I believe in family and that every family has a center. My Oma (grandma) grew up in Germany under the rule of Hitler, she saw her grandfather get his arm cut off because he wouldn’t fight for the Nazi’s, and she was kicked out of her house and had to steal her food to survive. She fought all those battles in her life until she was given a battle where she could not fight anymore.
I spent three years going to my Oma’s house after school, in the first year she was diagnosed with colon cancer.
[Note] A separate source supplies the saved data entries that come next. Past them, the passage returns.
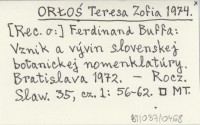 ORŁOŚ Teresa Zofia 1974 Ferdinand Buffa: Vznik a vývin slovenskej botanickej nomenklatúry. Bratislava 1972.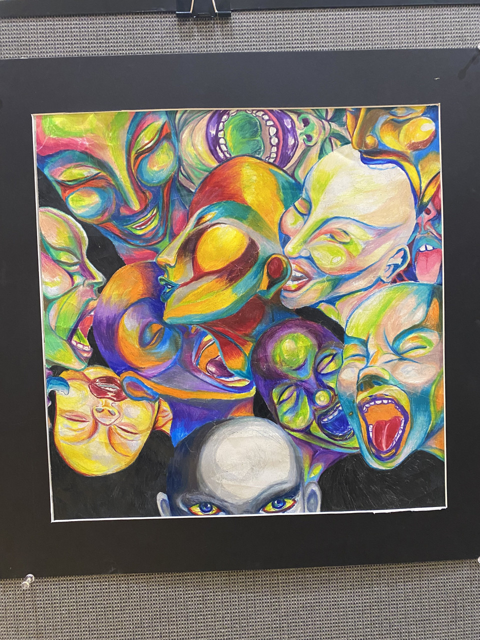 Description: The fused faces imply cannibalism as each interacts with another with an open mouth and closed eyes. Their facial expressions show a submissive and mindless state as they feast on the other. The grotesque idea transforms into an odd afterlife ecstasy, established through flashy and trippy-like color combinations. The bottom face is dull compared to the rest. It stares straight at the audience to judge the events above in a God-like presence, where no deity exists to moralize these miscreants.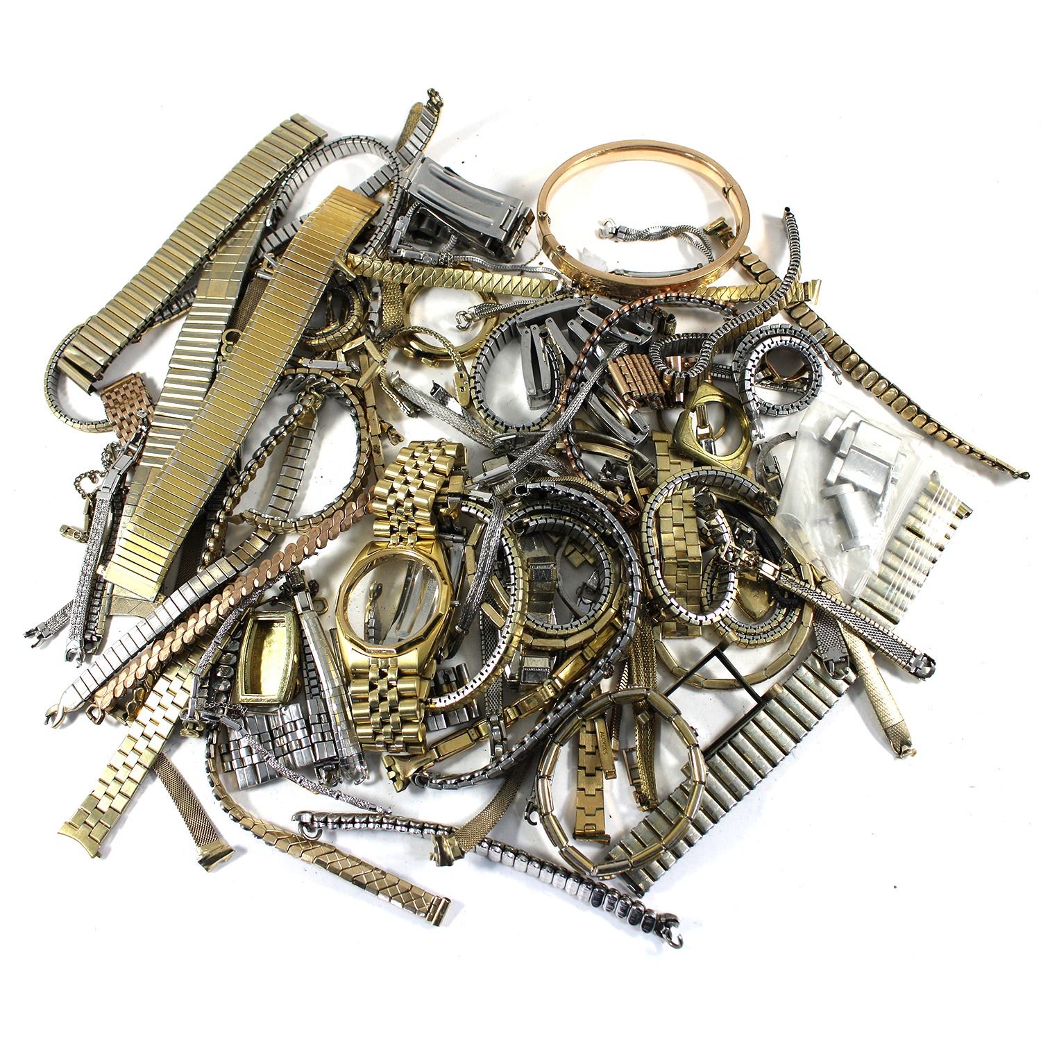 American and Swiss. 1940s-1980s. Assorted bands. Gold filled, gold plated and stainless steel 788 grams.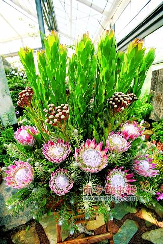 花形如皇冠般的南非國花帝王花,被譽為全世界最富貴華麗的鮮切花。現在,無論是“帝王”、“皇后”,還是“金粉”,3000株各色名貴的帝王花品種都可以在華南植物園展覽溫室觀賞到。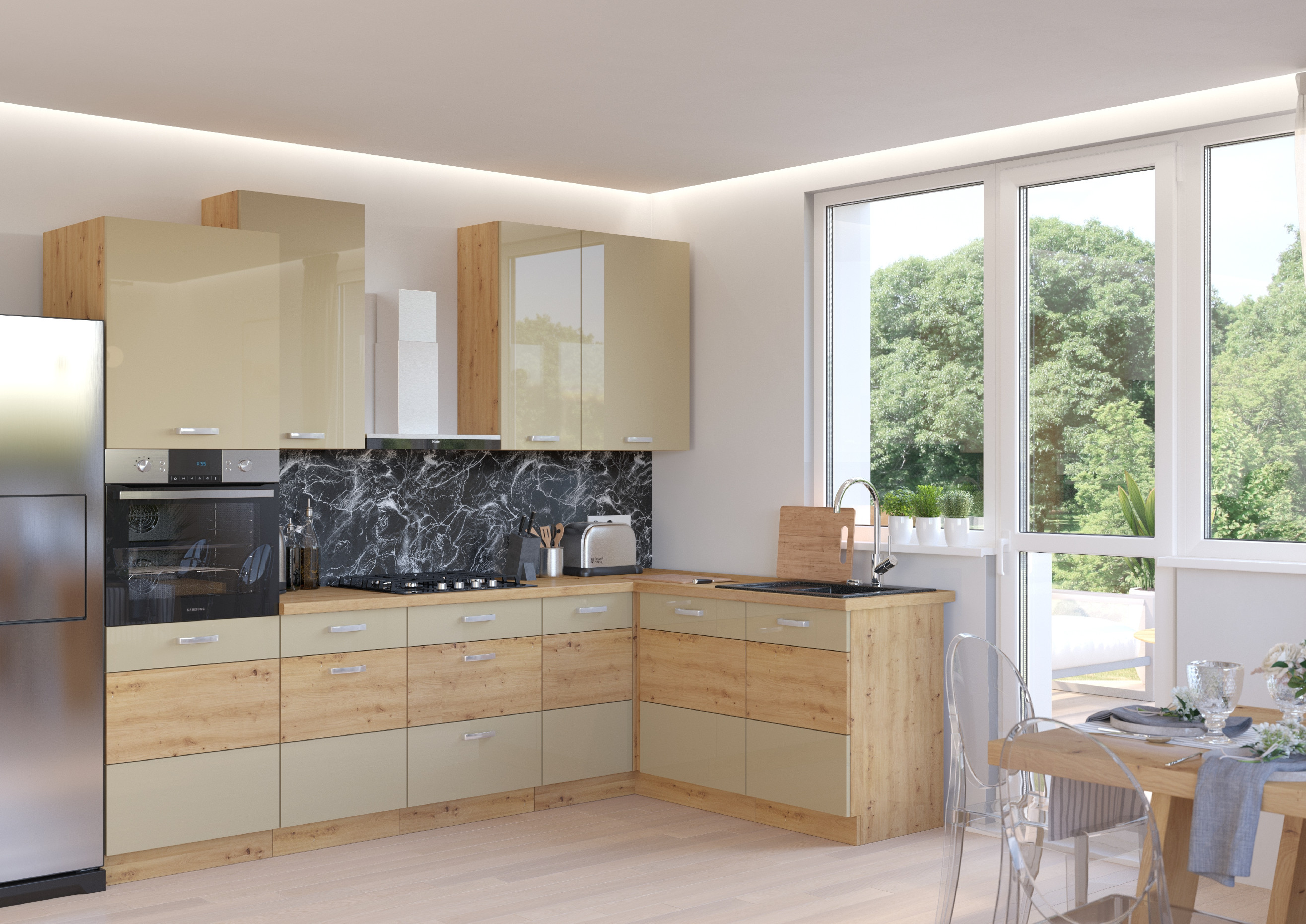 Kuchyňská linka Artisan 1 Kuchyňská linka Artisan 1 je doporučenou sestavou pro moderní kuchyně. Její kombinace lesklého povrchu a dřeva na dvířkách spodních skříněk dodává kuchyňské lince jedinečný vzhled. Všechny skříňky kuchyně jsou navíc variabilní, takže si je můžete sestavit dle vašich představ a potřeb. Buď můžete využít námi doporučenou sestavu nebo si vytvořit vlastní kombinaci. • Barevná kombinace kuchyňské linky Artisan 1Korpus je v dřevěném dekoru, dvířka v kombinaci dřeva a lesklého cappucina • Vlastnosti kuchyňské linky Artisan 1 Korpus a dvířka Korpus je vyroben z laminované desky o síle 16 mm. Dvířka a čela zásuvek Dvířka a čela zásuvek jsou vyrobeny z MDF desek o síle 16 mm. Hrany desek Hrany opatřeny ABS hranou o síle 1 mm nebo dýhou. Úchytky Jednotlivá dvířka a zásuvky se otevírají pomocí kovových úchytek. Tiché dovírání Dvířka a zásuvky jsou opatřeny tichým dovíráním. Horní výklopné skříňky Horní skříňky otevírání směrem nahoru mají závěsy s měkkým zavíráním (plynový píst). Vnitřek skříněk Vnitřek skříněk je bílý. • Rozměry kuchyňské linky Artisan 1 275 x 140 cm celková šířka 71,5 cm výška horních skříněk variabilní celková výška 210 cm výška vysoké skříňky 60 cm hloubka spodních skříněk s pracovní deskou 82 cm výška spodních skříněk 31 cm hloubka horních skříněk Horní skříňky lze umístit do libovolné výšky. • Skříňky použité v této kuchyňské sestavě Horní skříňky1 x 50 G-90 1F (1x dvířka)1 x 45 G-90 1F (1x dvířka)1 x 60 G-90 1F (1x dvířka)Spodní skříňky1 x 60 DP-210 2F (vysoká skříň na vestavnou troubu - 2x dvířka)1 x 50 D 1F 1S BB (2x dvířka) 1 x 60 D 3S BB (3x šuplík) 1 x 105 ND 1F BB1 x 80 ZL 2F BB • Pracovní desky ke kuchyňské lince Pracovní deska není v ceně, ale je možné si jí dokoupit v libovolné délce a provedení. Potřebný rozměr pracovní desky pro tuto kuchyňskou linku je 280 cm.Pracovní desky • Montážní závěsná lištaMontážní lišta je chytré řešení pro efektivní a snadnou instalaci horních skříněk ve vaší kuchyni nebo jiných prostorách. Nejprve se lišta upevní ke zdi, což zajistí stabilní a rovný základ pro následné zavěšení skříněk. Montážní lišta • Odkazy na příslušenství ke kuchyňským linkámPracovní deskyPříslušenství ke kuchynímKompletní nabídka skříněk ke kuchyňské lince Artisan •

I saw the best days and the worst. My family spent most nights gathering at her house; she was the top chef of our family. All her meals were made perfect and with love.
Her house was the safe haven for my family because she was there. The moment we walked through the door she came rushing to greet us screaming, “Schuhe aus, schuhe aus” (shoes off in German). Then she embraced us one by one and smothered us with kisses and hugs. As we joined together in the kitchen we all knew we were home.
I was working at a summer camp when I heard that my Oma only had months, weeks, or days to live. She was in the hospital because she had collapsed due to the chemotherapy, it wasn’t helping it was just making her weaker and sicker. I returned to a totally different family. The center of our family was slowly dying and everyone finally saw what was happening. Summer was coming to an end but so was my Oma’s life.
At the last doctors visit we stood around Oma as the doctor broke into tears saying, “Christine, I hope you die soon because if you don’t it will be slow and painful.” It hit me at this point; my Oma was really going to be gone forever. We wiped the tears from our eyes we didn’t want her to see, we had to be strong she couldn’t she us cry we wanted every last moment in her life to be full of joy. After that last doctors visit we brought her home and we sat there numb as our world fell around our feet. I was so afraid that whatever I said would be the last words I spoke to her. So I didn’t talk I sat there looking into her eyes wishing she wouldn’t leave me.
Just five days after that last doctor visit at 5:25pm she was gone. I was lying next to her we she died she was in so much pain but in that moment it was all gone. Oma was strong, independent, and a survivor now that she is gone my family isn’t the same. She was the center of our family her love completed our lives, made all the bad disappear. Now that she’s gone I believe in family and that every family has a center.